DART spacecraft strikes asteroid target at 14,000mph

NASA’s first attempt to move an asteroid in space has been accomplished with the agency’s Double Asteroid Redirection Test (DART) spacecraft, which has successfully made kinetic impact with the Dimorphos asteroid.

NASA

The culmination of 10 months flying in space, and part of NASA’s overall Planetary Defense strategy, DART demonstrated the viability of protecting our planet from an Earth-bound asteroid or comet, should one be discovered.

Mission control at the Johns Hopkins Applied Physics Laboratory (APL) in Laurel, Maryland, announced the successful impact yesterday at 1914 EDT. 

“At its core, DART represents an unprecedented success for planetary defence, but it is also a mission of unity with a real benefit for all humanity,” NASA Administrator Bill Nelson said in a statement. “As NASA studies the cosmos and our home planet, we’re also working to protect that home, and this international collaboration turned science fiction into science fact, demonstrating one way to protect Earth.”

DART targeted the asteroid moonlet Dimorphos, a small body 160m in diameter that orbits a larger, 780m asteroid called Didymos.
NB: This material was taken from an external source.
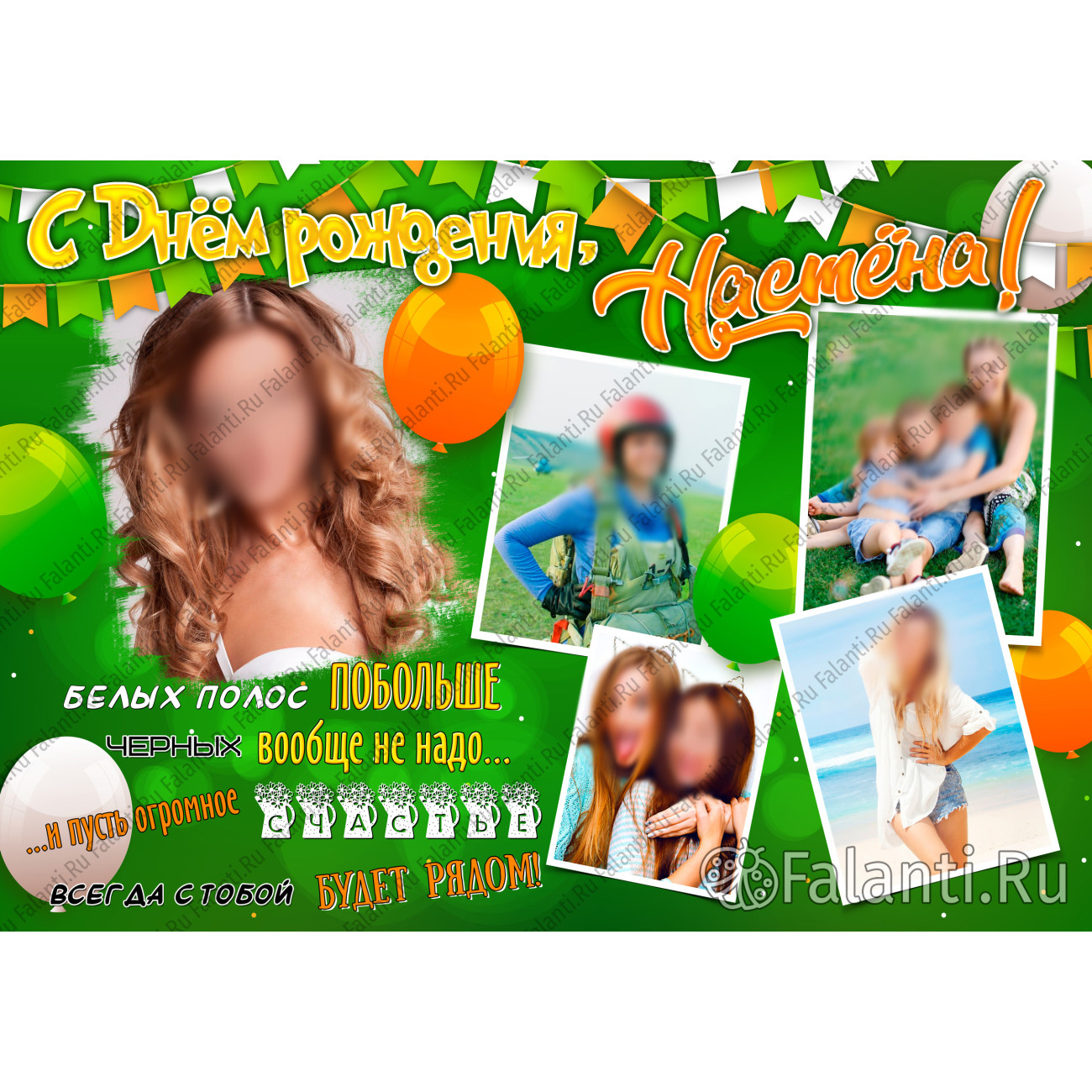 На плакате размещены 3–5 фотографий вашей подруги или сестры, что делает его личным и значимым. Поздравительный текст: «Белых полос побольше, чёрных вообще не надо, и пусть огромное счастье всегда с тобой будет рядом» — выражает самые тёплые пожелания и заботу.

Neither asteroid poses a threat to Earth, NASA said.

The investigation team will now observe Dimorphos using ground-based telescopes to confirm that DART’s impact altered the asteroid’s orbit around Didymos, which is one of the primary purposes of the full-scale test. Researchers expect the impact to shorten Dimorphos’ orbit by about one per cent, or roughly 10 minutes.